In the years after Ozzie and Harriet was cancelled, Rick Nelson's career and personal life changed drastically. Rick continued to record and perform music. He shied away from his teen idol image and sound, forming the rock and roll/country-fused Stone Canyon Band. Rick and the Stone Canyon Band had success with the 1972 single, "Garden Party". Rick and the Band wrote the song in response to their perception of having been booed off the stage at a rock and roll revival concert at Madison Square Garden after including some newer songs in their set, following the performance of his old hits. In fact, the audience commotion was related to security removing a drunk in the crowd. Throughout the 1970s, Rick was riddled with debt. In 1981, he and wife Kristin Harmon divorced. While touring the United States, en route to a New Year's Eve concert in Dallas, Rick Nelson was killed in a plane accident on December 31, 1985, in DeKalb in Bowie County in northeast Texas. In 1987, Rick was inducted posthumously into the Rock and Roll Hall of Fame.

===Harriet===

Following Ozzie's death in 1975, Harriet grew reclusive. In 1989, she made her last onscreen appearance in her granddaughter Tracy Nelson's TV series, Father Dowling Mysteries. Harriet never fully recovered from Rick's death and died of congestive heart failure and emphysema in 1994 at the age of 85.

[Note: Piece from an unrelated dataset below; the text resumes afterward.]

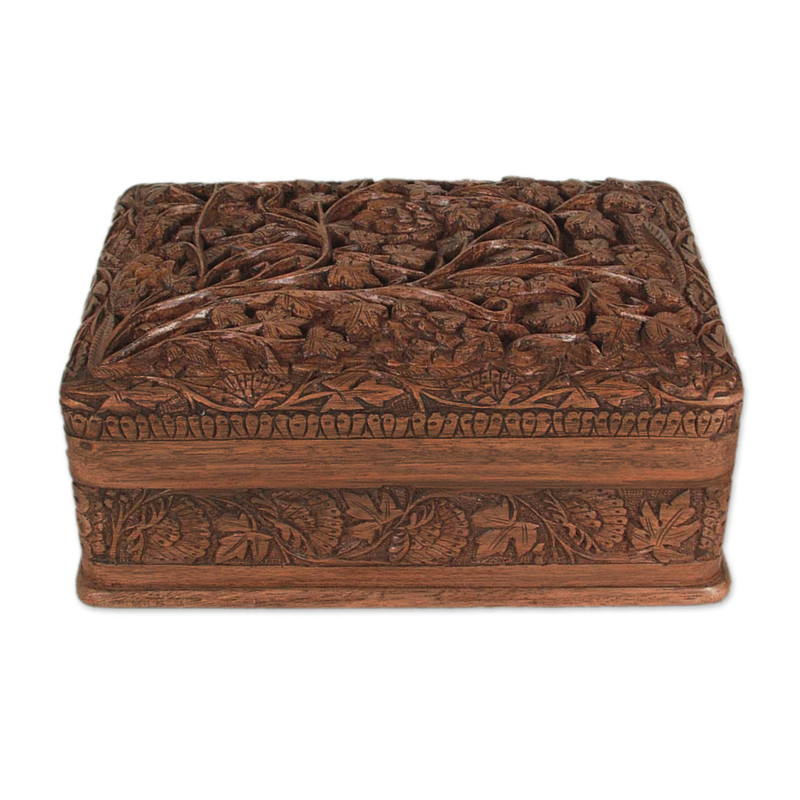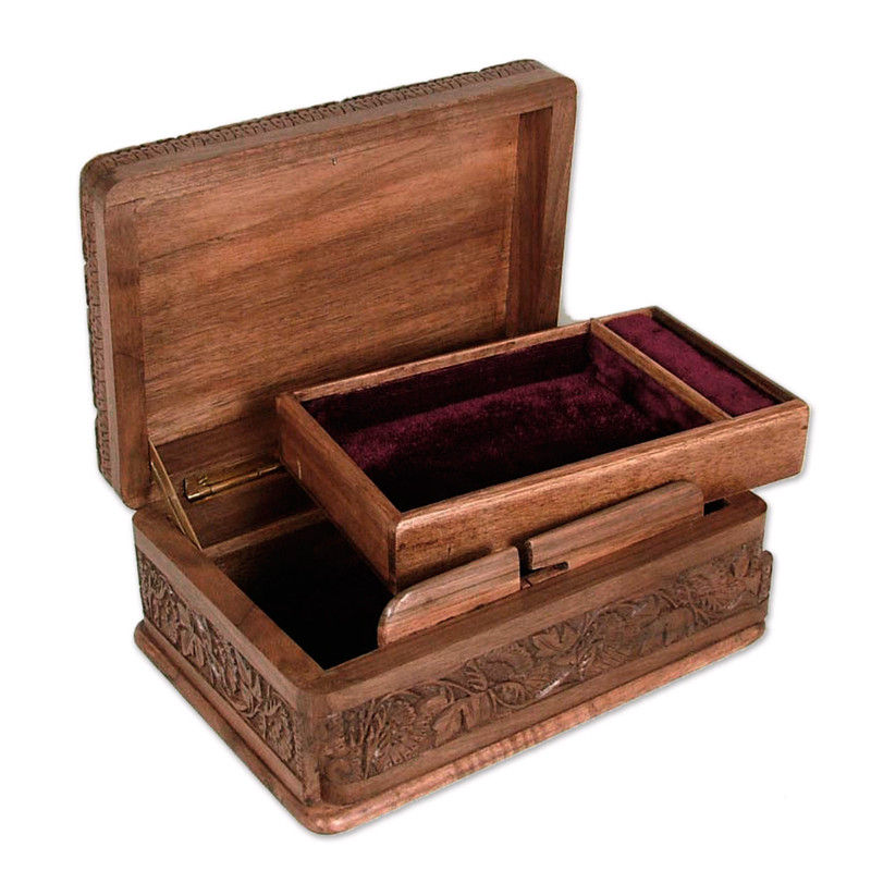 Backed by our 100% Happiness GuaranteeNestled smugly on sturdy vines, birds camouflage their feathers with leaves growing wild. They adorn a magnificent walnut wood jewelry box carved by hand by M. Ayub with sublime detail. Inside, the box is lined with velvet and features a removable tray. The box also features a secret locking mechanism and can be opened by sliding the lower front panel of the box to the right side.

Ozzie, Harriet, and Rick are interred together at Forest Lawn, Hollywood Hills Cemetery, in Los Angeles, California.

===David===

David Nelson continued to produce feature films and television commercials and owned his commercial production company. David died from colon cancer on January 11, 2011.

== Legacy ==

The series attracted large audiences and became synonymous with the 1950s ideal American family life. Although it was never a top-ten hit, Nelson's long-term contract with ABC and the lower expectations that came with being on the lowest-rated of the Big Three television networks at the time ensured that the show accrued enough episodes to remain the longest-running live-action sitcom in United States television history until It's Always Sunny in Philadelphia was renewed for a 15th season in 2021, while also still maintaining the record for most number of episodes aired to the present day for any live-action American sitcom.